* DIRECTIONS
Please retype the data in full and exactly; the pictures are not part of the copy.

* PROVIDED ENTRIES
══════════════════════════════

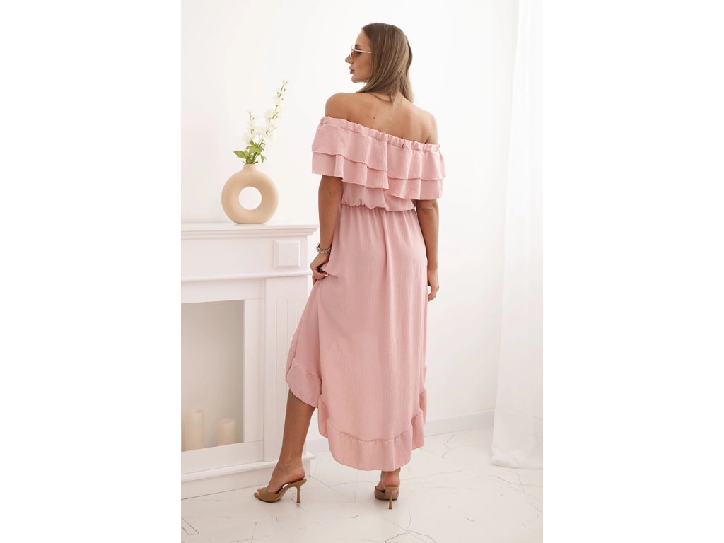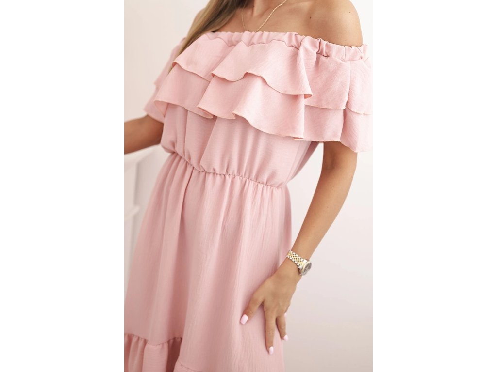 Tyto dámské šaty s odhalenými rameny jsou ztělesněním ženského stylu a letní elegance. Model s poutavými volánky kolem výstřihu dodává šatům romantický nádech a decentně odhaluje ramena, čímž vytváří výjimečně ženskou siluetu. Asymetrický lem dodává šatům lehkost a zaručuje úchvatný vzhled každého pohybu. Elastický pas dokonale obepíná postavu, zdůrazňuje ženské křivky a zajišťuje celodenní pohodlí. Jsou perfektní volbou na dovolenou, letní večírky, rande nebo venkovní akce. Díky kombinaci elegance a pohodlí se tyto šaty stanou vaším oblíbeným kouskem šatníku pro teplé dny. Velikost je univerzální a vhodná pro ženy ve velikostech S, M nebo L.
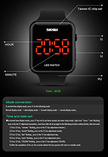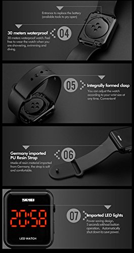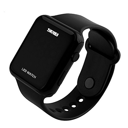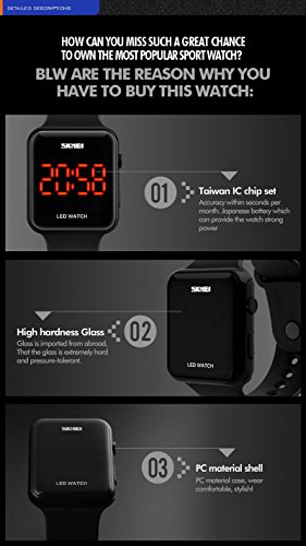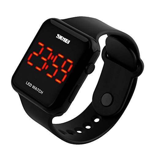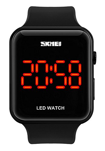 Gosasa Unisex Men's Women Simple Design Square Dial Rubber Band Digital LED Wrist Watch (Black)
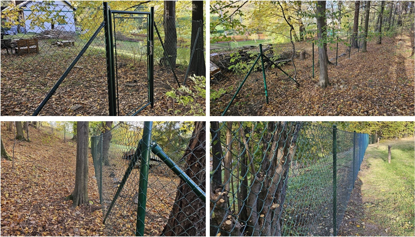 Montáž oplocení v lesním porostu.
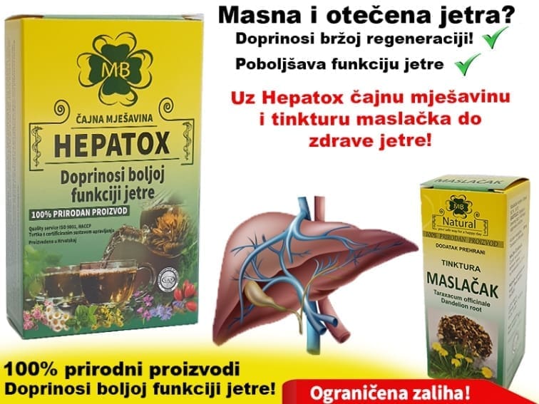 Hepatox čajna mješavina i tinktura maslačka su kombinacija pomno odabranih, najkvalitetnijih biljaka s hrvatskih prostora, dugogodišnje recepture te detaljno osmišljenog omjera sastojaka, što nam svakodnevno potvrđuje veliki broj zadovoljnih i redovitih korisnika. Hepatox čajna mješavina doprinosi normalnoj funkciji jetre, želuca, a svojim djelovanjem može pomoći kod reduciranja tjelesne težine. Neki od sastojaka u Hepatox paketu su - maslačak, neven, stolisnik i drugi. Ove biljke se, u narodnoj medicini i racionalnoj fitoterapiji, koriste u liječenju mnogobrojnih poteškoća povezanih s funkcioniranjem jetre. Oplemenjuju ih razna svojstva, poput „čišćenja“ i brže regeneracije jetre, smanjenja oteklina i upale jetre, bolje probave, smanjenja nadutosti, grčeva i boli koja biva prisutna ispod desnog rebrenog luka.
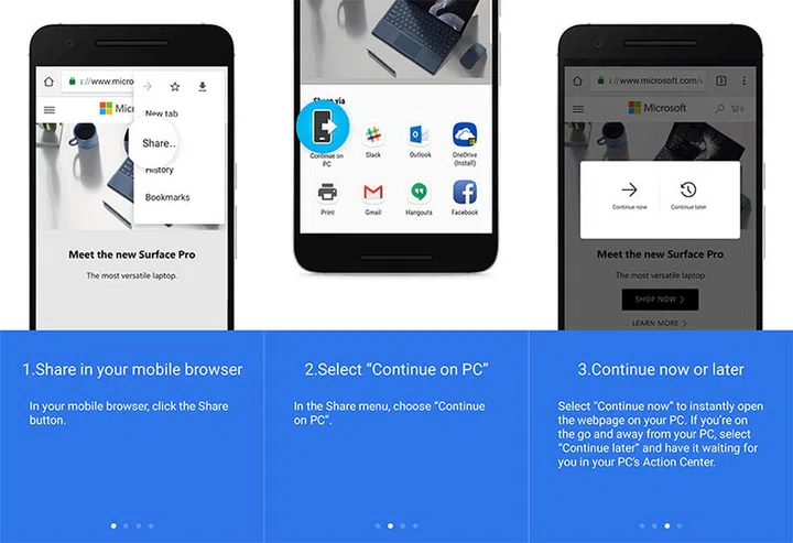 When all that is done, you can start reading a webpage on your phone and select the “Continue on PC” option in the Share pane to bring up two more options: “Continue now” and “Continue later”. The former will open up the webpage in the Edge browser on the linked PC; the latter will file the link to the Action Center so that you can open the page at a later time. Link sharing is just one of several cross-device scenarios Microsoft is working on; more capabilities like cross-device copy and paste is expected to be added down the road.
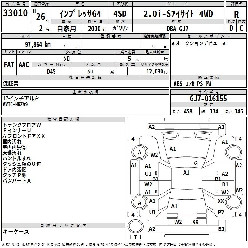 Subaru IMPREZA G4 с аукциона Японии TAA Yokohama лот № 33010
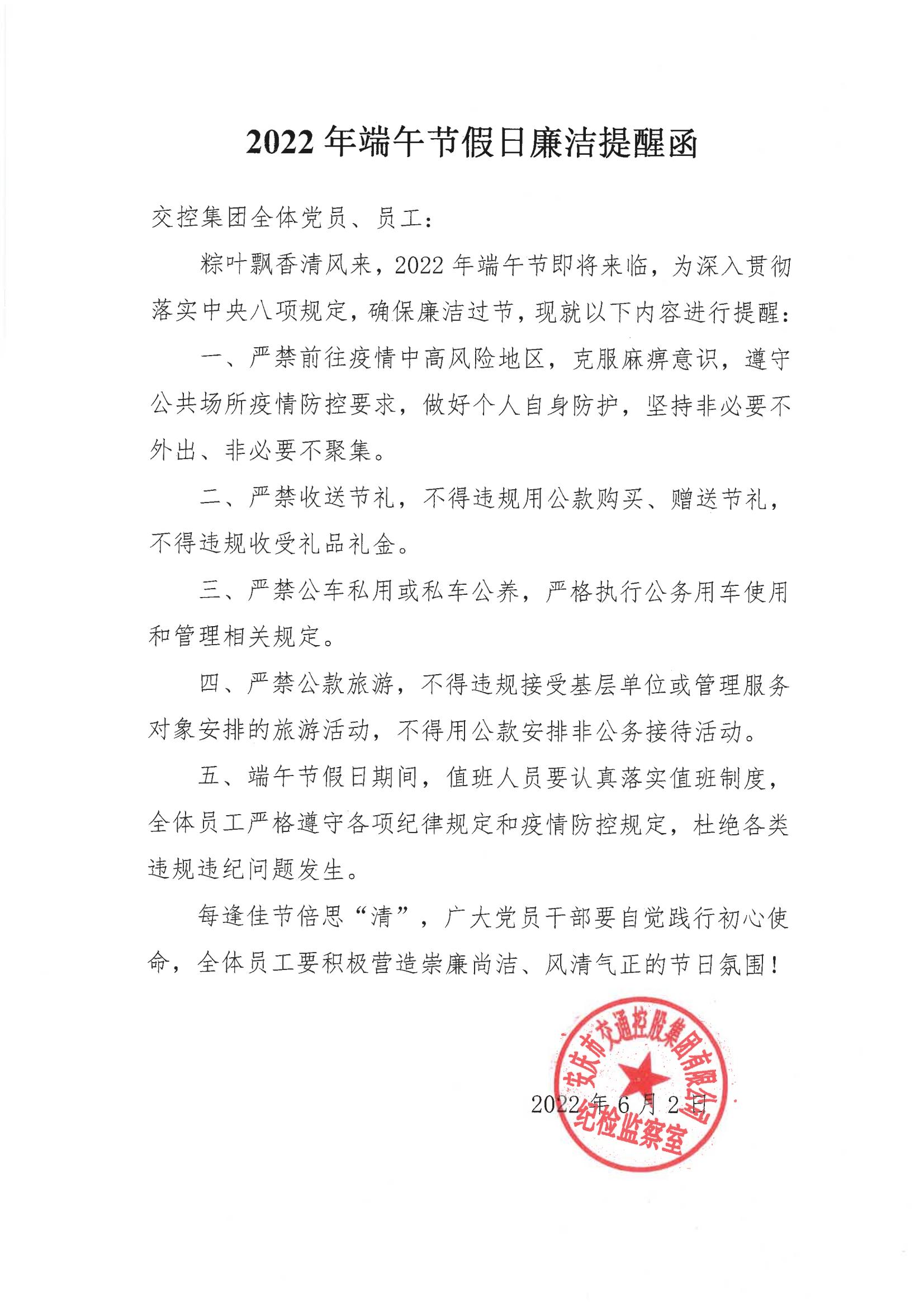 2022年端午節(jié)假日廉潔提醒函

══════════════════════════════

* RESPONSE
 Tyto dámské šaty s odhalenými rameny jsou ztělesněním ženského stylu a letní elegance. Model s poutavými volánky kolem výstřihu dodává šatům romantický nádech a decentně odhaluje ramena, čímž vytváří výjimečně ženskou siluetu. Asymetrický lem dodává šatům lehkost a zaručuje úchvatný vzhled každého pohybu. Elastický pas dokonale obepíná postavu, zdůrazňuje ženské křivky a zajišťuje celodenní pohodlí. Jsou perfektní volbou na dovolenou, letní večírky, rande nebo venkovní akce. Díky kombinaci elegance a pohodlí se tyto šaty stanou vaším oblíbeným kouskem šatníku pro teplé dny. Velikost je univerzální a vhodná pro ženy ve velikostech S, M nebo L.
 Gosasa Unisex Men's Women Simple Design Square Dial Rubber Band Digital LED Wrist Watch (Black)
 Montáž oplocení v lesním porostu.
 Hepatox čajna mješavina i tinktura maslačka su kombinacija pomno odabranih, najkvalitetnijih biljaka s hrvatskih prostora, dugogodišnje recepture te detaljno osmišljenog omjera sastojaka, što nam svakodnevno potvrđuje veliki broj zadovoljnih i redovitih korisnika. Hepatox čajna mješavina doprinosi normalnoj funkciji jetre, želuca, a svojim djelovanjem može pomoći kod reduciranja tjelesne težine. Neki od sastojaka u Hepatox paketu su - maslačak, neven, stolisnik i drugi. Ove biljke se, u narodnoj medicini i racionalnoj fitoterapiji, koriste u liječenju mnogobrojnih poteškoća povezanih s funkcioniranjem jetre. Oplemenjuju ih razna svojstva, poput „čišćenja“ i brže regeneracije jetre, smanjenja oteklina i upale jetre, bolje probave, smanjenja nadutosti, grčeva i boli koja biva prisutna ispod desnog rebrenog luka.
 When all that is done, you can start reading a webpage on your phone and select the “Continue on PC” option in the Share pane to bring up two more options: “Continue now” and “Continue later”. The former will open up the webpage in the Edge browser on the linked PC; the latter will file the link to the Action Center so that you can open the page at a later time. Link sharing is just one of several cross-device scenarios Microsoft is working on; more capabilities like cross-device copy and paste is expected to be added down the road.
 Subaru IMPREZA G4 с аукциона Японии TAA Yokohama лот № 33010
 2022年端午節(jié)假日廉潔提醒函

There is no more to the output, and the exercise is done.